Foreign firms have signed exploration and production agreements for 21 of the 59 blocks Cuba has created for its Gulf waters, where the biggest oil finds are believed to be located. An additional 23 blocks are said to be the subject of discussions with foreign companies.
Cupet has estimated that there are 20 billion barrels of recoverable offshore oil in Cuban waters. If that bears out, Cuba, with 11 million people, would have reserves that come into the same range as those of the United States.

The U.S. Geological Survey, though, has issued more conservative estimates: under 5 billion barrels in Cuba's offshore fields. Furthermore, most of the oil is believed to lie under deep water, where extraction is difficult and expensive.

Some see the advent of Cuban offshore oil drilling as raising the costs of maintaining the embargo policy, with other countries taking a piece of the Cuban action that might otherwise fall to some American firms. Some Capitol Hill lawmakers have urged that an exception be made in the embargo to permit energy cooperation.
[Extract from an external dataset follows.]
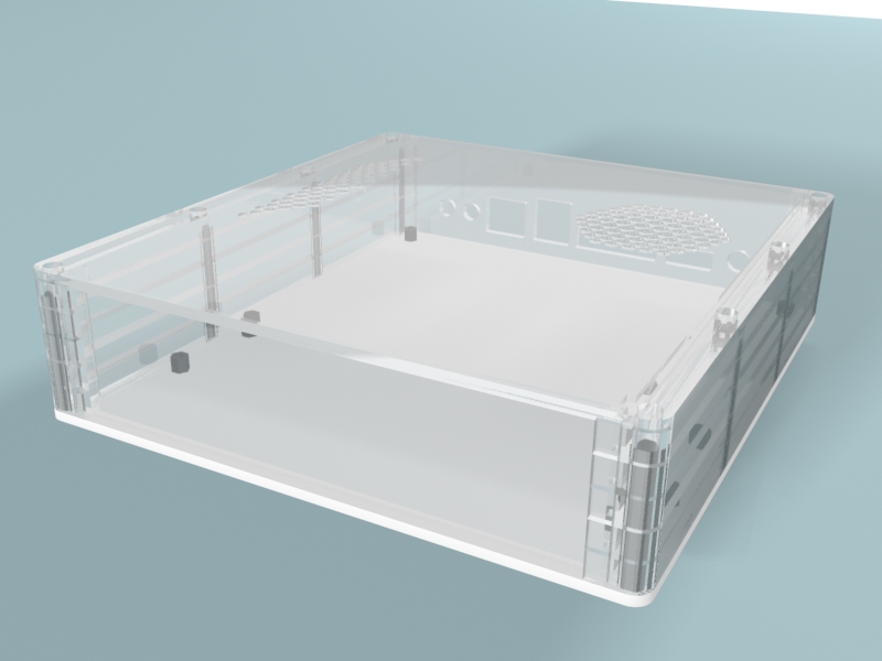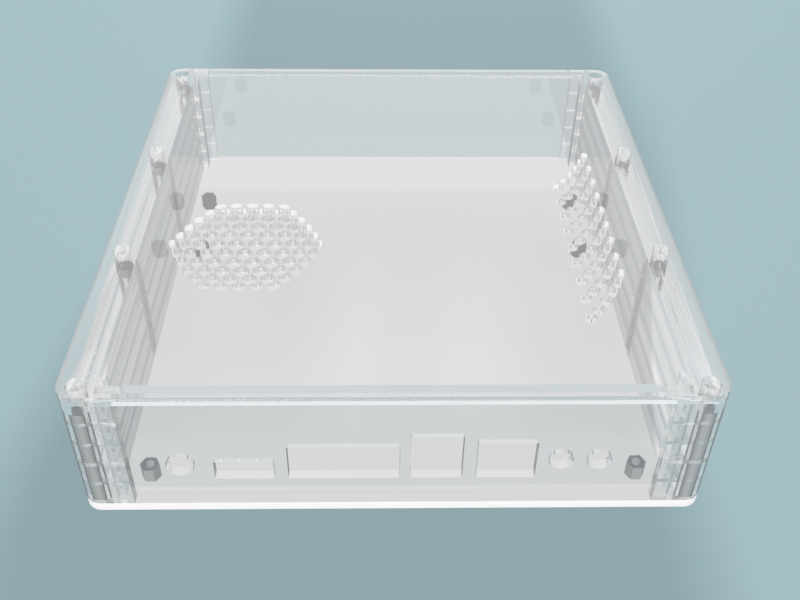 Вот еще проект корпуса из акрила. 180х50х190,5 мм. В корпусе будут размещены: мат. плата 155х117 мм, БП 160х45 мм, SSD. Можно использовать и для домашнего медиацентра, и в шахту 1DIN помещается. Материал прозрачный/молочно-белый/черный или любая комбинация из этих материалов.

Overall Cuba policy is now under review by the Obama administration.

Others are worried that a future oil spill, given Gulf currents, could spoil Florida beaches and shore areas. Tenreyro says that any drilling operations will follow "the highest" international environmental standards.

Some Cuba watchers argue that environmental coordination with Cuba ought to be one of the early results of any policy changes developed by the Obama administration.